Converging Evidence Implicates the Dopamine D3 Receptor Gene in Vulnerability to Schizophrenia

Fuquan Zhang et al. Am J Med Genet B Neuropsychiatr Genet.


The dopamine D3 receptor has been implicated in the pathophysiology of schizophrenia (SZ). A glycine-to-serine polymorphism at codon 9 of the dopamine D3 receptor gene (DRD3), rs6280, has been widely studied for its association with SZ, but with conflicting results. Altered levels of DRD3 mRNA have also been reported in SZ compared with normal controls. Moreover, it has been suggested that DRD3 is subject to recent positive selection in European populations. To explore the potential role of DRD3 in SZ from these various aspects, we conducted a threefold study. First, we tested the genetic association of rs6280 with SZ in 685 SZ patients and 768 normal controls.
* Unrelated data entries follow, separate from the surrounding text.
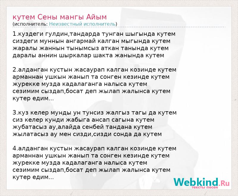 1.куздеги гулдин,тандарда тунган шыгында кутем сиздеги муннын ангармай калган мыгында кутем жаралы жаннын тынымсыз аткан танында кутем даралы аннин шыркалар шакта жанында кутем 2.алданган кустын жасаурап калган козинде кутем арманнан ушкын жанып та сонген кезинде кутем журекке музда кадалаганга налыса кутем сезимим сыздап,босат деп жылап жалынса кутем кутер едим... 3.куз келер мунды ун тунсиз жалгыз тагы да кутем сиз келер кунди жабыга ансап сагына кутем жубатасыз ау,алайда сенбей тандана кутем жылатасыз ау мен сизди,сизди сонда да кутем 4.алданган кустын жасаурап калган козинде кутем арманнан ушкын жанып та сонген кезинде кутем журекке музда кадалаганга налыса кутем сезимим сыздап,босат деп жылап жалынса кутем кутер едим...
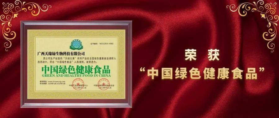 集团母公司研发生产经营的“天绿元素”系列产品以优质的选材、过硬的品质,赢得了广大用户的认可,在全国绿色健康食品调研入选活动中,经过严格审核,符合入选标准,被荣选为“中国绿色健康食品”!
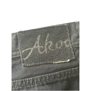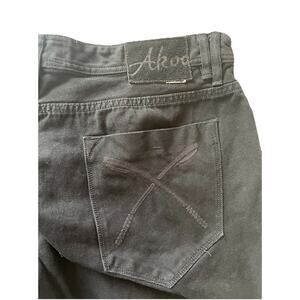 This is a pair of rare AKOO black denim jeans in size 44 with a 33-inch inseam. They are made of 100% authentic denim and have a classic, straight leg style. The jeans are from the AKOOCLOTHING BY TI product line and are priced at $250.
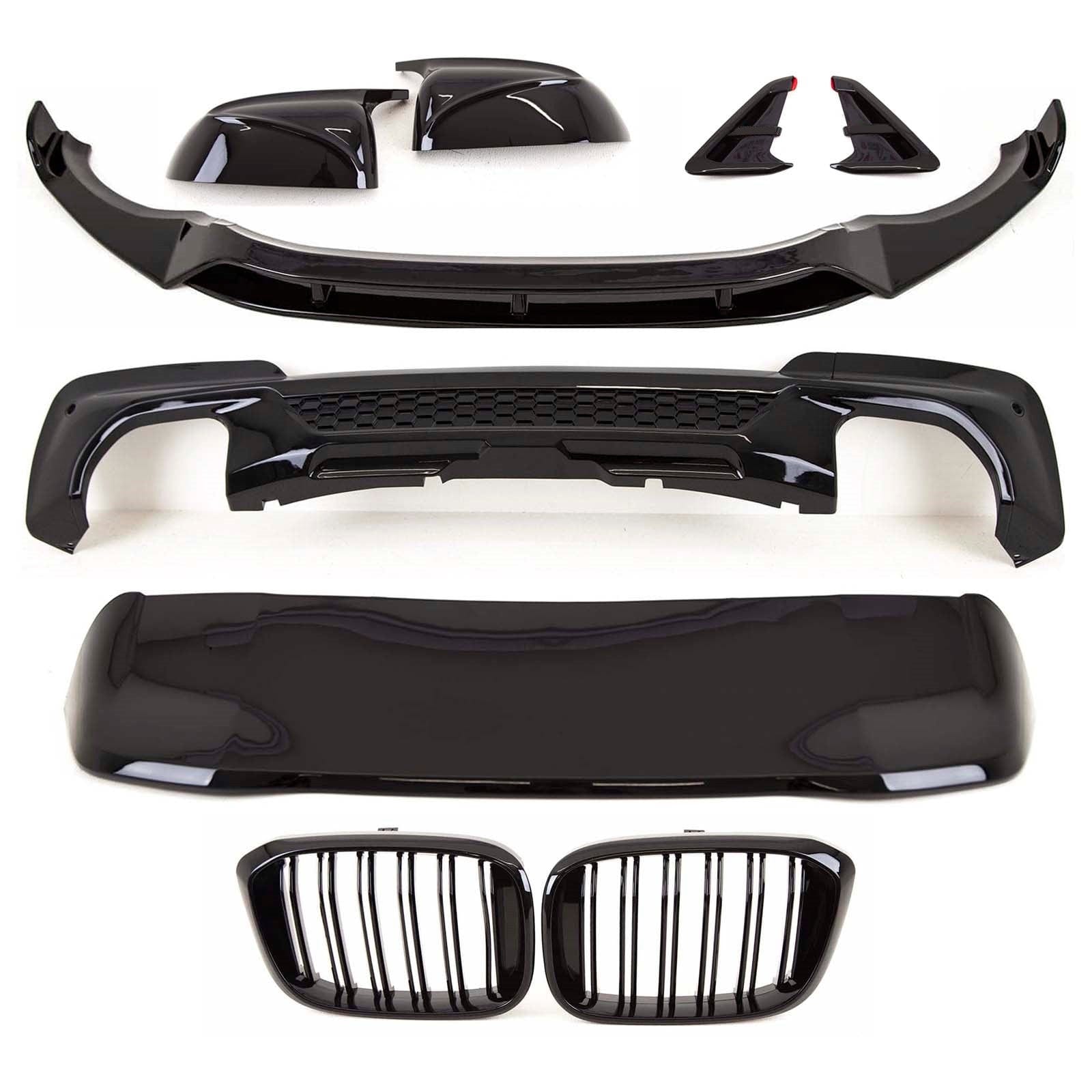- Package includes- 1 x Front Splitter, 1 x Pair Side Skirts, 1 x Rear Diffuser Quad Exhaust, 1 x Pair Kidney Grilles, 1 x Pair Aero Wings, 1 x Roof Spoiler, 1 x Pair Mirror Covers

Second, we examined DRD3 mRNA levels in peripheral leukocytes in a subset of 37 patients and 37 controls. Finally, we investigated the possible recent positive selection on DRD3 in an East Asian population. Consequently, we observed that the genotypic distribution of rs6280 was nominally associated with SZ (P = 0.045), with the ancestral CC genotype being significantly over-represented in SZ patients. DRD3 mRNA levels were significantly lower in patients than in controls (P = 5.91E-5). The derived C-allele of rs6280 might have been subject to recent positive selection (P < 0.001) in the East Asian population. Taken together, our results suggest that DRD3, a gene possibly under natural selection, might be involved in vulnerability to SZ in the Han Chinese population. These findings may further add to the body of data implicating DRD3 as a schizophrenia risk gene.